==== Exercise materials

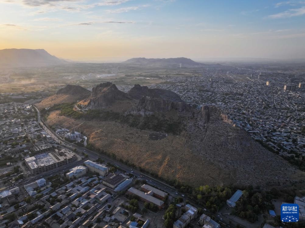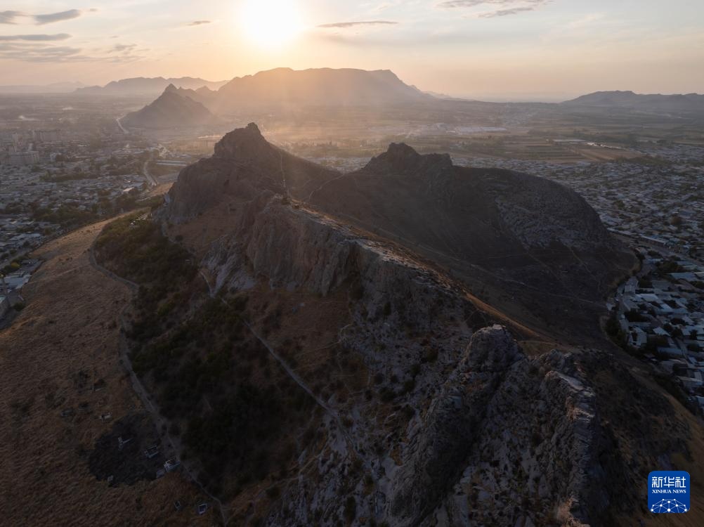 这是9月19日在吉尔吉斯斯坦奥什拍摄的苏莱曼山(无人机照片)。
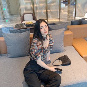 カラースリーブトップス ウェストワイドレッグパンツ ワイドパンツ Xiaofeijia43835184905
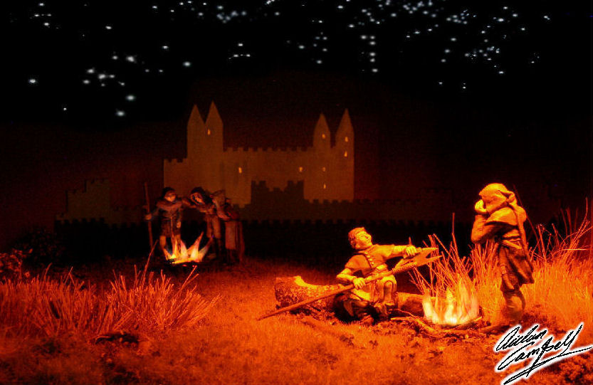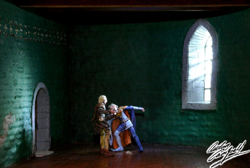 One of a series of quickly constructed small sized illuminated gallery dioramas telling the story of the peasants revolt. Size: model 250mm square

========
==== Exercise materials

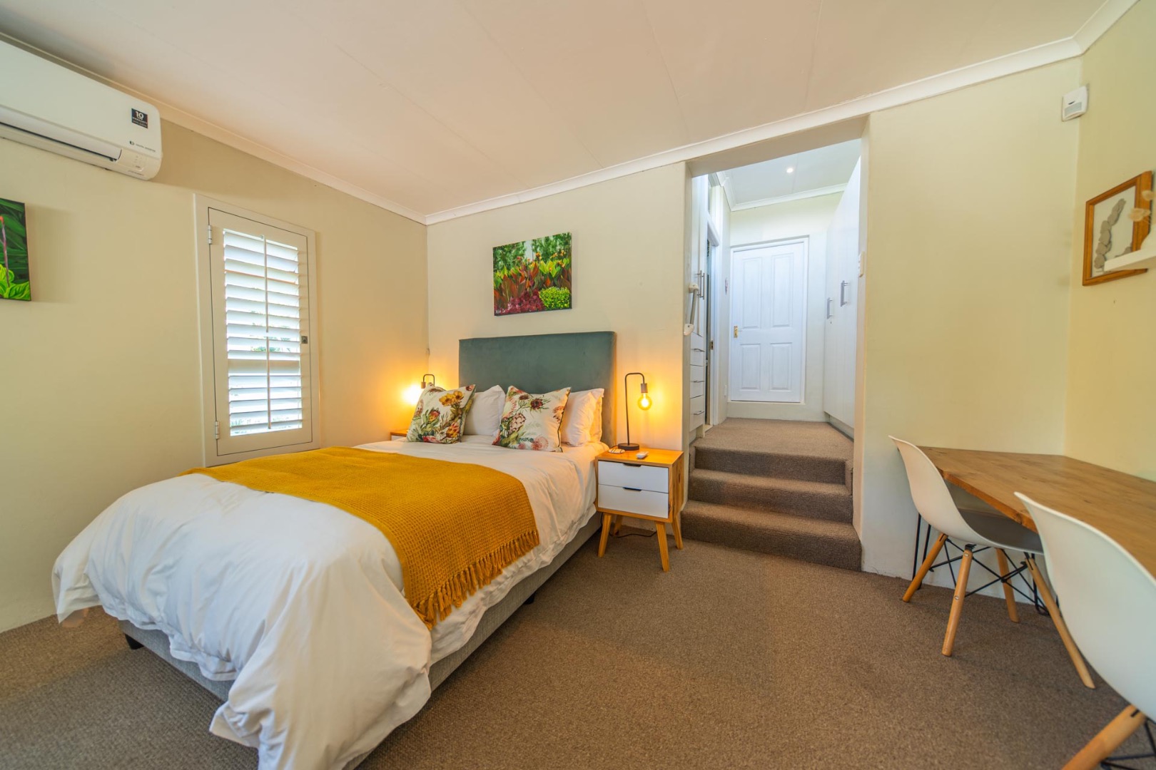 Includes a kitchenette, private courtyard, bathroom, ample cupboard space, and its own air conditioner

========

### Action item:
Among the entries above, find the line with "这是9月19日在吉尔吉斯斯坦奥什拍摄的苏莱曼山(无人机照片)。" and repeat exactly from there through the line with "One of a series", leaving out the pictures.

### Written reply:
 这是9月19日在吉尔吉斯斯坦奥什拍摄的苏莱曼山(无人机照片)。
 カラースリーブトップス ウェストワイドレッグパンツ ワイドパンツ Xiaofeijia43835184905
 One of a series of quickly constructed small sized illuminated gallery dioramas telling the story of the peasants revolt. Size: model 250mm square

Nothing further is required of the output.